This Passover: A Season of Justice for the Environment

February 20, 2015
Passover is my favorite time of year. More than exchanging presents on Hanukkah or blowing shofar by on the beaches of the Atlantic on Rosh Hashanah (my family’s tradition), Passover is when I am most able to connect with my family and my own Jewish values. While the extended meal and Seder lend themselves easily to close interpersonal and spiritual renewal, it’s the central concepts of Passover that make me return to this time of year again and again with excitement and energy; Passover is a holiday about social justice and freedom from oppression. It is an opportunity, among family and friends, to dig deeper into the issues of our time. This year, as we move closer to the international climate negotiations in Paris, France in December, 2015, and as we watch climate change worsen and global temperatures rise, environmental stewardship is an issue that should be at the top of our lists and central to discussion at our Seders.
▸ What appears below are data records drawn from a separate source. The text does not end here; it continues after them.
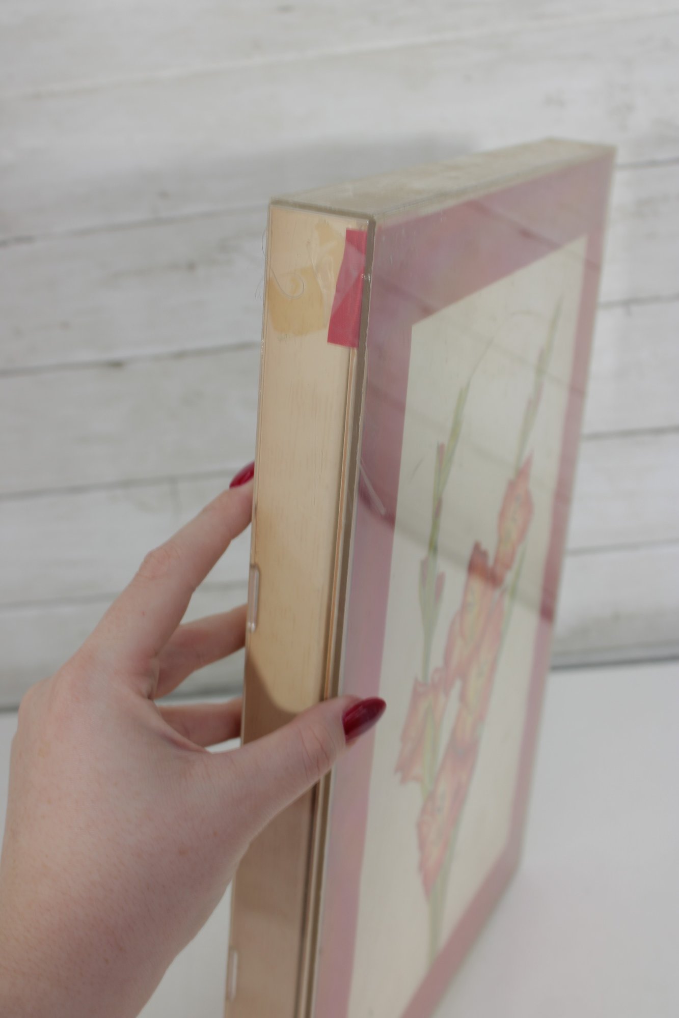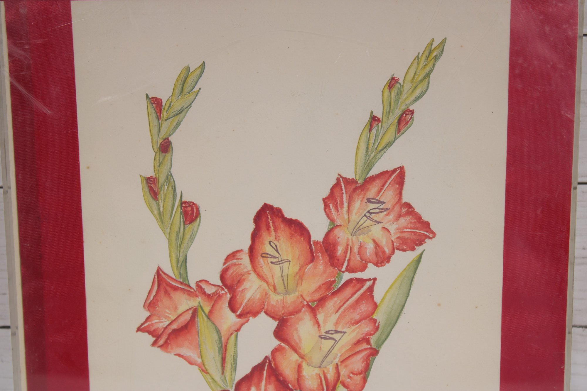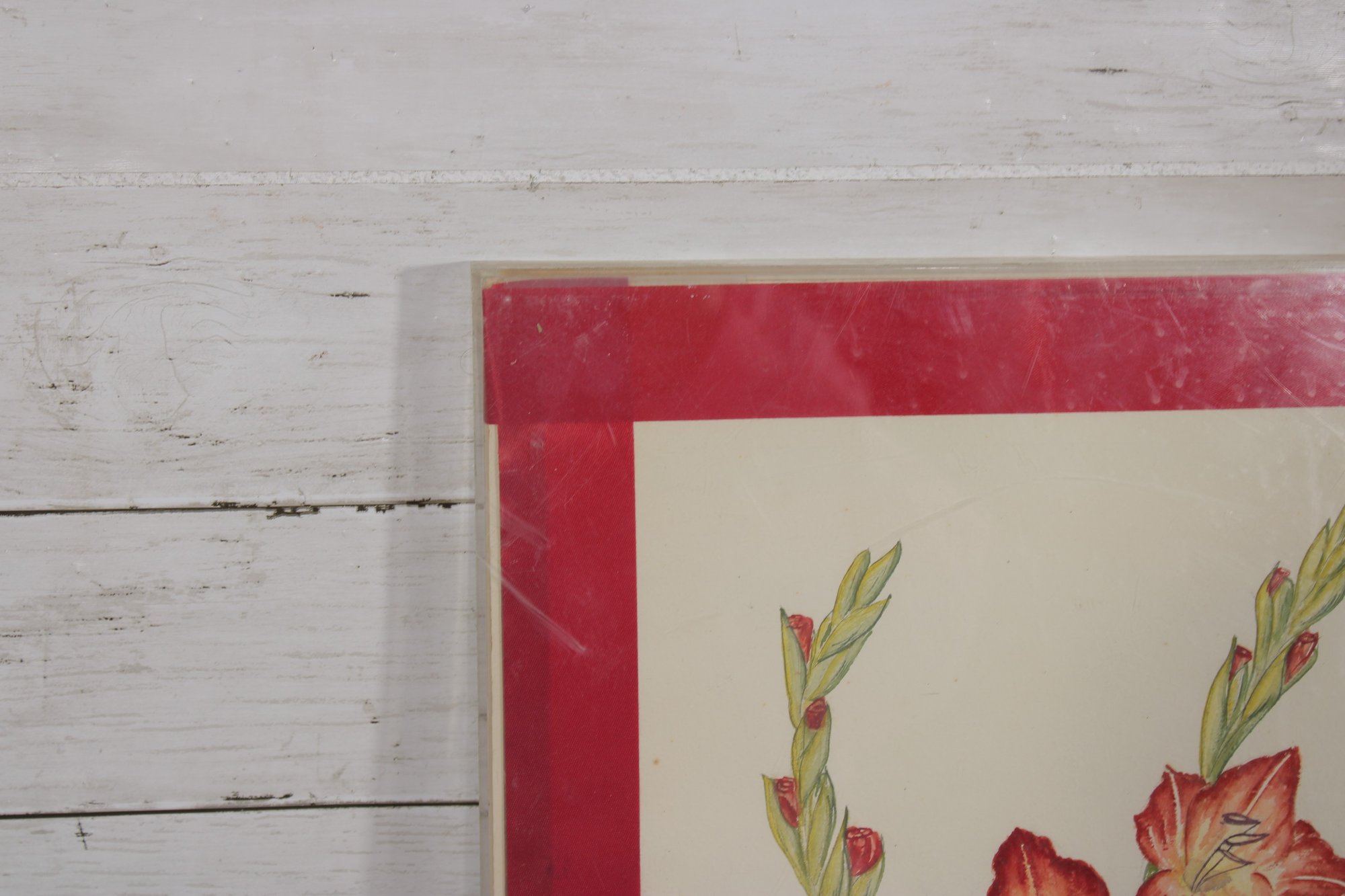 The artwork appears to be signed near the lower portion (see photos), adding a touch of uniqueness. It is presented with a bold red mat that complements the flower tones and is enclosed in a clear-front frame, giving it a clean, modern display style.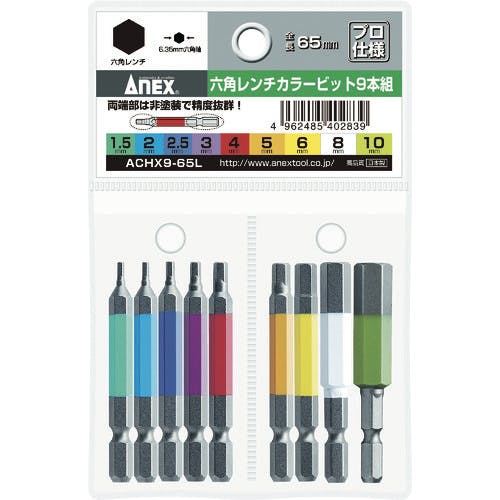【CAINZ-DASH】アネックスツール 六角レンチカラービット 9本組 ACHX9-65L【別送品】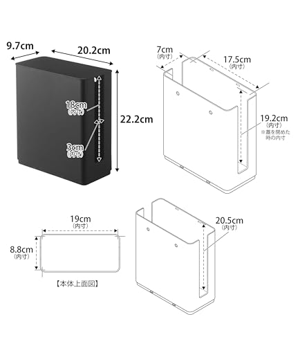 山崎実業(Yamazaki) 重ねられる スリム 蓋付き ルーター収納 ケース ブラック 約W9.7XD20.2XH22.2cm スマート テレビ裏収納 スタッキング可 4914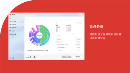 2024 年最出色的免费计算机清理程序。单击几下,即可清理垃圾文件,缓存,临时文件,重复文件并优化计算机,以获得更高的性能。 清理君可以帮助安全删除垃圾文件,并优化您的PC以提高其性能。 清理和加速Windows计算机变得更加容易。 360清理大师,Total PC Cleaner,腾讯电脑管家最佳替代清理软件。 清理君 堪称最强大、最出色的计算机清理和优化工具,布局设计简单直观,适合所有技能水平的用户。 核心功能: 垃圾文件清理 , 重复文件查找与清理 , 大文件扫描 , 磁盘分析 ## 垃圾文件清理 • 扫描并删除垃圾文件,包括缓存文件(如微信等)、日志文件和临时文件; • 删除浏览器缓存、Cookie 和历史记录,以保护您的隐私;多种浏览器支持,包括Internet Explorer, Edge, Chrome,Firefox及其他。 • 可让计算机保持干净,提高其性能。 ## 重复文件查找与清理 • 快速扫描硬盘中的重复文件 • 按文件名字,大小快速排序 • 快速选择及批量删除重复文件 ## 大文件扫描 • 快速扫描本地或可移动存储上的大文件和文件夹; • 标识正在占用存储的内容; • 安全定位并删除未使用的大文件,以释放更多磁盘空间。 ## 磁盘分析 • 交互式地分析存储空间; • 只需单击一次,即可用不同颜色展示磁盘中的每个文件夹的细分情况及其详细信息。 您可以选择性地删除以下类别中的文件和文件夹: - 系统缓存,垃圾文件 - 浏览器缓存,垃圾文件 - 应用缓存,垃圾文件 - 下载文件 - 回收站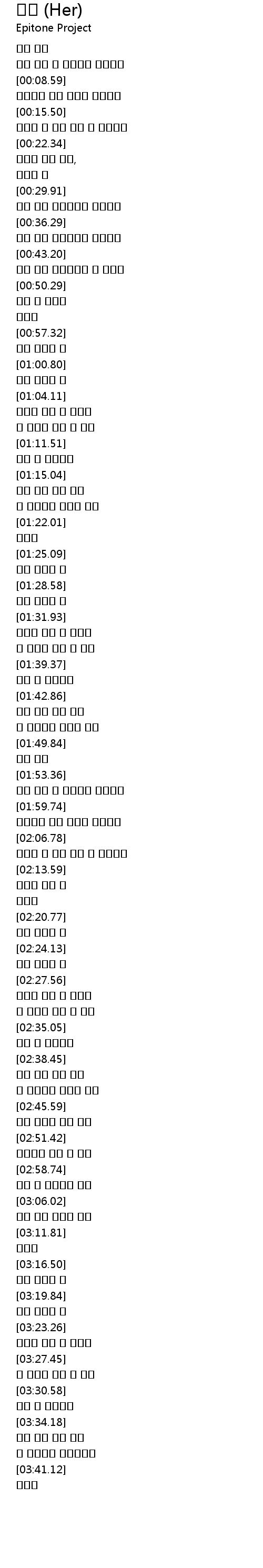 | [03:21.61] | 내가 부르는 널 |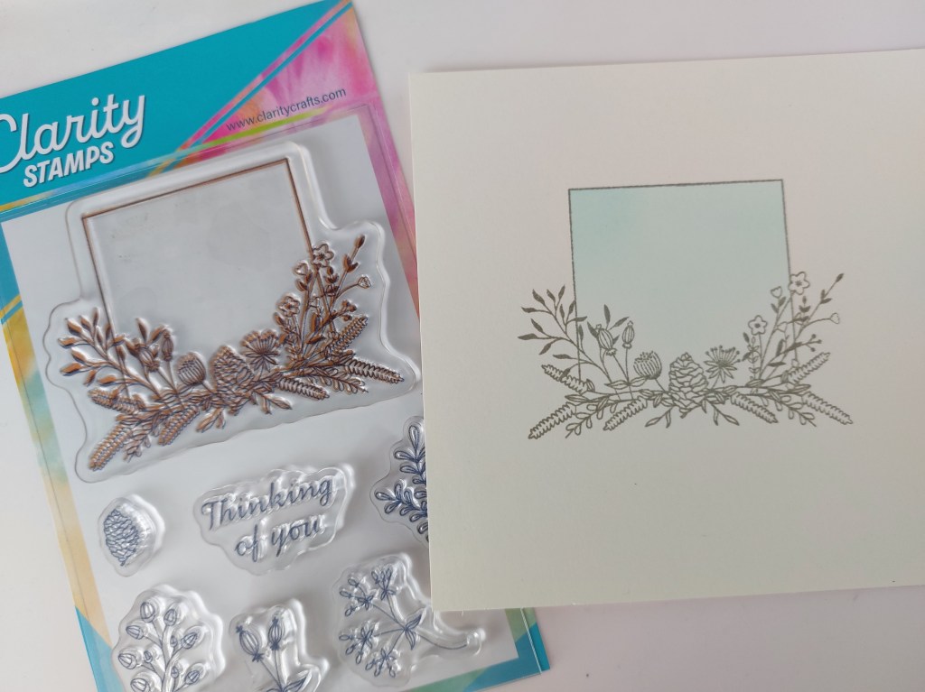 Hello there. My new ‘floral delights’ stamps from ClarityCrafts arrived this week, so I made a start on playing with them – well, it would be rude not to! I thought the ‘thinking of you’ set would work well with this week’s colours at Global Design Project and picked up the top row of foliage, pastel colours & sentiment from TicTacToe‘s grid.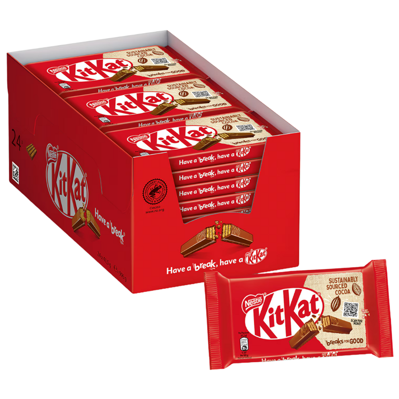 KitKat Classico Nestlé: croccanti strati di wafer avvolti da finissimo cioccolato al latte. Perfetto per una pausa dolce e leggera grazie al suo gusto equilibrato e inconfondibile.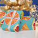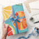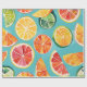 Esta trabalho de arte apresenta um padrão animado e refrescante de frutas de citros, apresentando fatias vibrantes de laranjas, limões, limões e toranjas sobre um fundo brilhante de turquesa. As suculentas e coloridas fatias de fruta são representadas com uma abordagem lúdica e estilizada, capturando a essência do verão e do frescor. O uso de cores ousadas, contrastantes e a disposição circular das frutas criam uma composição dinâmica e atraente que exude energia e zest.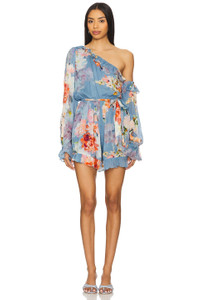 - Self & Lining: 100% viscose - Dry clean only - Hidden side zip closure - One shoulder styling - Detachable belt with tie closure - Side seam pockets and ruffle trim - Midweight floral crepe fabric - Revolve Style No. BENE-WR31 - Manufacturer Style No. HN-SABA-5470

Not only is climate change an already-present and ever-growing threat, it is a threat that disproportionately effects those living in areas and economic conditions less-insulated from extreme weather events, floods, droughts and decreased crop viability. As Jews we are tasked with acting as a partner with God and the protection of our earth and acting to “champion the poor and the needy” (Proverbs 31:9). If you’re interested in focusing on the environment this year in your Passover Seder, the Shalom Center has a full Freedom Seder for the Earth Haggadah. If you want to add an environmental piece to your Passover celebration, these 10 human plagues about the effects of climate change, this Seder insert on the Four Children of climate change, or an alternative prayer over the karpas (greens) and salt water on the Seder plate are great option. You can check out other ways to incorporate social justice issues into your Passover here. Chag sameach!